Goal of the exercise: Each entry shown below is to be reproduced exactly.

Material for this task:

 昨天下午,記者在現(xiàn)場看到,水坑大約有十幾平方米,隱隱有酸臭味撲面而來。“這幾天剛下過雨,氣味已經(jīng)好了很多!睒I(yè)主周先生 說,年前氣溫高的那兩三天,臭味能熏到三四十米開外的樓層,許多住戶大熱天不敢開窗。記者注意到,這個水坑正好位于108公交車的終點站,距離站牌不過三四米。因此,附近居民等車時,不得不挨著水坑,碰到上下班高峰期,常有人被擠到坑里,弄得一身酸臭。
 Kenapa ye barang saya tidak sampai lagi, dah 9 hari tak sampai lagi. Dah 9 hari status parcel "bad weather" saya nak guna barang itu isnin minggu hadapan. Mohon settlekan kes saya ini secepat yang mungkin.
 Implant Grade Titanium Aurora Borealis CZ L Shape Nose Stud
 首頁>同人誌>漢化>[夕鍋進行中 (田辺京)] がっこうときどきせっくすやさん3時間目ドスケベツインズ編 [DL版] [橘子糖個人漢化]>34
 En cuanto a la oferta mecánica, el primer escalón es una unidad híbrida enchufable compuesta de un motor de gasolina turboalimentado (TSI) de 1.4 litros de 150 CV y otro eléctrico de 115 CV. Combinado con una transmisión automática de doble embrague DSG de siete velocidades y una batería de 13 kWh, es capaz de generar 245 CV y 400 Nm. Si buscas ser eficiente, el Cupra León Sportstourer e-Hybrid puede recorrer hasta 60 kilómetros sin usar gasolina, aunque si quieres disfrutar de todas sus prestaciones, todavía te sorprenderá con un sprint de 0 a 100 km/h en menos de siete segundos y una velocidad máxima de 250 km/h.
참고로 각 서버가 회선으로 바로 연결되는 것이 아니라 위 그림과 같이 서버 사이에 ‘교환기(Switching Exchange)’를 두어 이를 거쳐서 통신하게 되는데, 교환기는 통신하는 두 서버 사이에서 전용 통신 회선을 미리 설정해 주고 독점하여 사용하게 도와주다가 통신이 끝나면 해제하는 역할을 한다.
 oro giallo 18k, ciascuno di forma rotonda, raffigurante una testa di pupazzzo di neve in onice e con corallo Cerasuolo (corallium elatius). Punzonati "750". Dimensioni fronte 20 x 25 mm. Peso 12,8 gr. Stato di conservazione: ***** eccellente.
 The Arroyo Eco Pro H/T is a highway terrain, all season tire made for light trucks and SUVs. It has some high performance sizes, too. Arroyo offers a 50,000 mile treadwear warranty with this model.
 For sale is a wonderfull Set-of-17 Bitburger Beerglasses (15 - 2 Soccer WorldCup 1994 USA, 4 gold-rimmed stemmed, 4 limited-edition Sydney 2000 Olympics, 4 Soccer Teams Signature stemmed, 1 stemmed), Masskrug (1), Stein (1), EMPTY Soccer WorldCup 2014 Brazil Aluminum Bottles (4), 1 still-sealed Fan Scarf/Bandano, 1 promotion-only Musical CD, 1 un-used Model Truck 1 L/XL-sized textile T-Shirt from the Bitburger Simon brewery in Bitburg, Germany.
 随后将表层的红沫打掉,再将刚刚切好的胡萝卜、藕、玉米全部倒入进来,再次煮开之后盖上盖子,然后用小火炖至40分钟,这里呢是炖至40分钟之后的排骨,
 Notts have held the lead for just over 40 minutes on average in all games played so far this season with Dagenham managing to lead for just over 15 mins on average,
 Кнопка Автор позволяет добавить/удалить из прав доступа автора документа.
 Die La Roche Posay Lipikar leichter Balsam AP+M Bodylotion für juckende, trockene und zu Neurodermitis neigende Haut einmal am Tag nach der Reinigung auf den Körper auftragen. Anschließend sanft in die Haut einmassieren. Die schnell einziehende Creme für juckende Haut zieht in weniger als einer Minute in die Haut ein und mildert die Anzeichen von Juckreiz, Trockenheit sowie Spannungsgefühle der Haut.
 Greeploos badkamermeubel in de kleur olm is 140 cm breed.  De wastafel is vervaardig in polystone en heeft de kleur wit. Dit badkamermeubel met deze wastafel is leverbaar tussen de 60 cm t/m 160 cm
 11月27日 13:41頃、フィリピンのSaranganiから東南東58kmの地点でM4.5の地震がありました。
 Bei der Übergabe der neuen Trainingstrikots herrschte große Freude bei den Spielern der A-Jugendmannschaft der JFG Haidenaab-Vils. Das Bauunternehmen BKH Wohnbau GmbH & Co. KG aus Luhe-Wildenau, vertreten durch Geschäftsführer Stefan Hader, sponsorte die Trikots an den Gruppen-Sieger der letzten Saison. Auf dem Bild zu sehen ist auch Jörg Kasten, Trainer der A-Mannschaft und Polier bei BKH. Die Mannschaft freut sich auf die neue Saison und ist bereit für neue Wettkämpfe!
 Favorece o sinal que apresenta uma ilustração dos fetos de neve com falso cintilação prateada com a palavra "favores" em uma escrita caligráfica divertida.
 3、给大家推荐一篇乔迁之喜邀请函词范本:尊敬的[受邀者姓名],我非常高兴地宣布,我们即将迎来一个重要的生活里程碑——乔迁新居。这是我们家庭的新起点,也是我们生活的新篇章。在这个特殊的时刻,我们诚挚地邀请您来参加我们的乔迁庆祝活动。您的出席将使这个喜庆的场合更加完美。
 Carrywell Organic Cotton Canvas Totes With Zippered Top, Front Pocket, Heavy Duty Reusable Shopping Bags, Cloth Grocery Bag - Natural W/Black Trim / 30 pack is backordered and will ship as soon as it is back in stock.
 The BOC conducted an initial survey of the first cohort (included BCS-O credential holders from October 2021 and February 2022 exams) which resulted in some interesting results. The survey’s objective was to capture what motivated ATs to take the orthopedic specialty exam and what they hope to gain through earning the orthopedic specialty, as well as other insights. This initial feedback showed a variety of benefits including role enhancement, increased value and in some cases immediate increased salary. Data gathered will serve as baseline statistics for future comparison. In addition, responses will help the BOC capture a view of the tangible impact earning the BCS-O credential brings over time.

Written answer:
 昨天下午,記者在現(xiàn)場看到,水坑大約有十幾平方米,隱隱有酸臭味撲面而來。“這幾天剛下過雨,氣味已經(jīng)好了很多!睒I(yè)主周先生 說,年前氣溫高的那兩三天,臭味能熏到三四十米開外的樓層,許多住戶大熱天不敢開窗。記者注意到,這個水坑正好位于108公交車的終點站,距離站牌不過三四米。因此,附近居民等車時,不得不挨著水坑,碰到上下班高峰期,常有人被擠到坑里,弄得一身酸臭。
 Kenapa ye barang saya tidak sampai lagi, dah 9 hari tak sampai lagi. Dah 9 hari status parcel "bad weather" saya nak guna barang itu isnin minggu hadapan. Mohon settlekan kes saya ini secepat yang mungkin.
 Implant Grade Titanium Aurora Borealis CZ L Shape Nose Stud
 首頁>同人誌>漢化>[夕鍋進行中 (田辺京)] がっこうときどきせっくすやさん3時間目ドスケベツインズ編 [DL版] [橘子糖個人漢化]>34
 En cuanto a la oferta mecánica, el primer escalón es una unidad híbrida enchufable compuesta de un motor de gasolina turboalimentado (TSI) de 1.4 litros de 150 CV y otro eléctrico de 115 CV. Combinado con una transmisión automática de doble embrague DSG de siete velocidades y una batería de 13 kWh, es capaz de generar 245 CV y 400 Nm. Si buscas ser eficiente, el Cupra León Sportstourer e-Hybrid puede recorrer hasta 60 kilómetros sin usar gasolina, aunque si quieres disfrutar de todas sus prestaciones, todavía te sorprenderá con un sprint de 0 a 100 km/h en menos de siete segundos y una velocidad máxima de 250 km/h.
참고로 각 서버가 회선으로 바로 연결되는 것이 아니라 위 그림과 같이 서버 사이에 ‘교환기(Switching Exchange)’를 두어 이를 거쳐서 통신하게 되는데, 교환기는 통신하는 두 서버 사이에서 전용 통신 회선을 미리 설정해 주고 독점하여 사용하게 도와주다가 통신이 끝나면 해제하는 역할을 한다.
 oro giallo 18k, ciascuno di forma rotonda, raffigurante una testa di pupazzzo di neve in onice e con corallo Cerasuolo (corallium elatius). Punzonati "750". Dimensioni fronte 20 x 25 mm. Peso 12,8 gr. Stato di conservazione: ***** eccellente.
 The Arroyo Eco Pro H/T is a highway terrain, all season tire made for light trucks and SUVs. It has some high performance sizes, too. Arroyo offers a 50,000 mile treadwear warranty with this model.
 For sale is a wonderfull Set-of-17 Bitburger Beerglasses (15 - 2 Soccer WorldCup 1994 USA, 4 gold-rimmed stemmed, 4 limited-edition Sydney 2000 Olympics, 4 Soccer Teams Signature stemmed, 1 stemmed), Masskrug (1), Stein (1), EMPTY Soccer WorldCup 2014 Brazil Aluminum Bottles (4), 1 still-sealed Fan Scarf/Bandano, 1 promotion-only Musical CD, 1 un-used Model Truck 1 L/XL-sized textile T-Shirt from the Bitburger Simon brewery in Bitburg, Germany.
 随后将表层的红沫打掉,再将刚刚切好的胡萝卜、藕、玉米全部倒入进来,再次煮开之后盖上盖子,然后用小火炖至40分钟,这里呢是炖至40分钟之后的排骨,
 Notts have held the lead for just over 40 minutes on average in all games played so far this season with Dagenham managing to lead for just over 15 mins on average,
 Кнопка Автор позволяет добавить/удалить из прав доступа автора документа.
 Die La Roche Posay Lipikar leichter Balsam AP+M Bodylotion für juckende, trockene und zu Neurodermitis neigende Haut einmal am Tag nach der Reinigung auf den Körper auftragen. Anschließend sanft in die Haut einmassieren. Die schnell einziehende Creme für juckende Haut zieht in weniger als einer Minute in die Haut ein und mildert die Anzeichen von Juckreiz, Trockenheit sowie Spannungsgefühle der Haut.
 Greeploos badkamermeubel in de kleur olm is 140 cm breed.  De wastafel is vervaardig in polystone en heeft de kleur wit. Dit badkamermeubel met deze wastafel is leverbaar tussen de 60 cm t/m 160 cm
 11月27日 13:41頃、フィリピンのSaranganiから東南東58kmの地点でM4.5の地震がありました。
 Bei der Übergabe der neuen Trainingstrikots herrschte große Freude bei den Spielern der A-Jugendmannschaft der JFG Haidenaab-Vils. Das Bauunternehmen BKH Wohnbau GmbH & Co. KG aus Luhe-Wildenau, vertreten durch Geschäftsführer Stefan Hader, sponsorte die Trikots an den Gruppen-Sieger der letzten Saison. Auf dem Bild zu sehen ist auch Jörg Kasten, Trainer der A-Mannschaft und Polier bei BKH. Die Mannschaft freut sich auf die neue Saison und ist bereit für neue Wettkämpfe!
 Favorece o sinal que apresenta uma ilustração dos fetos de neve com falso cintilação prateada com a palavra "favores" em uma escrita caligráfica divertida.
 3、给大家推荐一篇乔迁之喜邀请函词范本:尊敬的[受邀者姓名],我非常高兴地宣布,我们即将迎来一个重要的生活里程碑——乔迁新居。这是我们家庭的新起点,也是我们生活的新篇章。在这个特殊的时刻,我们诚挚地邀请您来参加我们的乔迁庆祝活动。您的出席将使这个喜庆的场合更加完美。
 Carrywell Organic Cotton Canvas Totes With Zippered Top, Front Pocket, Heavy Duty Reusable Shopping Bags, Cloth Grocery Bag - Natural W/Black Trim / 30 pack is backordered and will ship as soon as it is back in stock.
 The BOC conducted an initial survey of the first cohort (included BCS-O credential holders from October 2021 and February 2022 exams) which resulted in some interesting results. The survey’s objective was to capture what motivated ATs to take the orthopedic specialty exam and what they hope to gain through earning the orthopedic specialty, as well as other insights. This initial feedback showed a variety of benefits including role enhancement, increased value and in some cases immediate increased salary. Data gathered will serve as baseline statistics for future comparison. In addition, responses will help the BOC capture a view of the tangible impact earning the BCS-O credential brings over time.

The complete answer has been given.